Date of this Version

7-1975

Citation

THE JOURNAL OF GEOLOGY, VOLUME 83 NUMBER 4 (July 1975), pp. 415-435.

Comments

Copyright © 1975 by the University of Chicago. Used by permission.

Abstract

The Cenozoic volcanic rocks of Ross Island and vicinity, Antarctica, are surface flows, tuffs, breccias, and small intrusives. The prominent rock is basanitoid. Alkali-basalt magma reached the surface over an appreciable length of time and was differentiated to produce a rock series: basanitoid → trachybasalt → phonolite. The alkalic, silica-undersaturated rocks are part of a larger petrologic province composed of volcanic centers in a belt nearly 2,000 km long roughly parallel to the Transantarctic Mountains.

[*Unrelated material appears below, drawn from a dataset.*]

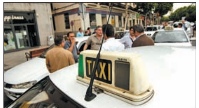
Taxis en la ciudad de Madrid GENTE

una duración de 24 horas. En Madrid, se convocan manifestaciones para el 27 de julio porque en agosto trabaja un menor número de taxistas en la capital. El Ejecutivo pretende liberalizar el sector de los Vehículos de Arrendamiento con Conductor (VTC), gremio que sólo cuenta con un vehículo por cada 30 taxis.

Two trends of magmatic differentiation are apparent. At depth the fractional crystallization of olivine, clinopyroxene, and opaque oxide minerals, all of which are abundant as phenocrysts in the basanitoid flows, produced trachybasalt magma. At crustal levels, fractional crystallization of clinopyroxene, apatite, opaque oxides, kaersutite, plagioclase, and anorthoclase developed the phonolitic rocks. Alkali enrichment is marked, and the end-member phonolites contain 11% Na2O, 5.6% K2O, and 57% SiO2. The basanitoids contain relatively large amounts of Ba (~ 400 ppm), Sr (~ 1,000 ppm), and Rb (~ 30 ppm). The concentrations of these and other trace elements in the various rock types support the model of small degrees of partial melting of peridotitic mantle for the derivation of the basanitoid magma, and of magmatic differentiation for the subsequent development of the rock series.